'''

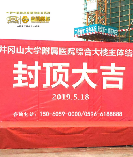 吉安市井冈山大学附属医院综合大楼封顶大吉!漳州合明木业有限公司、漳州高明实业有限公司热烈祝贺!
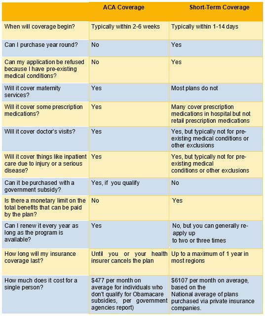 ACA-complaint health plan compared to short-term health coverage: A brief guide
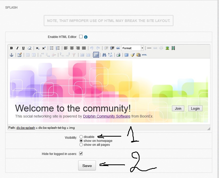 If you have tried to edit the promo box, the warning states, be careful..improper HTML will break few things.. I mess it up often unless I use something like Dreamweaver to get it all proper, then save.. No... i want only change texts Welcome to the community and translate buttons, but if i want save... then i get only message page was not found, like this screenshot here. |
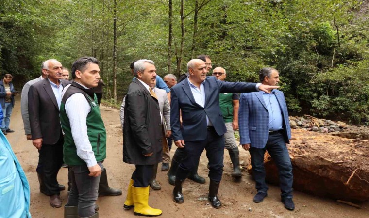 Rize Valisi İhsan Selim Baydaş, şiddetli yağışlarla heyelanların meydana geldiği Ardeşen ilçesine bağlı Tunca beldesinde incelemelerde bulundu.
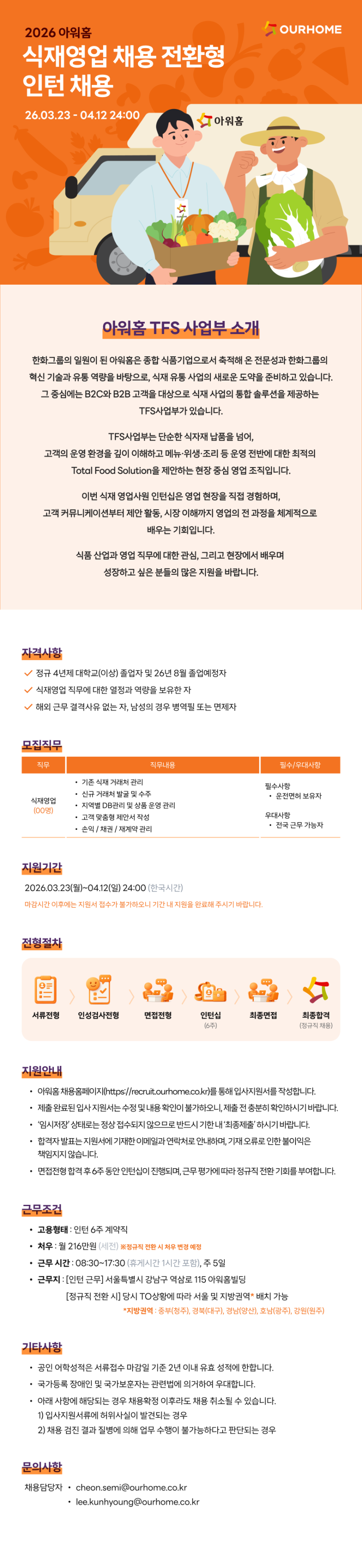[아워홈] 2026 아워홈 식재영업 채용 전환형 인턴 채용 (~4/12)

'''

→ **WORK INSTRUCTION**
Please output all of the entries above exactly, but without any picture.

→ **SOLUTION FOR THIS PROBLEM**
 吉安市井冈山大学附属医院综合大楼封顶大吉!漳州合明木业有限公司、漳州高明实业有限公司热烈祝贺!
 ACA-complaint health plan compared to short-term health coverage: A brief guide
 If you have tried to edit the promo box, the warning states, be careful..improper HTML will break few things.. I mess it up often unless I use something like Dreamweaver to get it all proper, then save.. No... i want only change texts Welcome to the community and translate buttons, but if i want save... then i get only message page was not found, like this screenshot here. |
 Rize Valisi İhsan Selim Baydaş, şiddetli yağışlarla heyelanların meydana geldiği Ardeşen ilçesine bağlı Tunca beldesinde incelemelerde bulundu.
[아워홈] 2026 아워홈 식재영업 채용 전환형 인턴 채용 (~4/12)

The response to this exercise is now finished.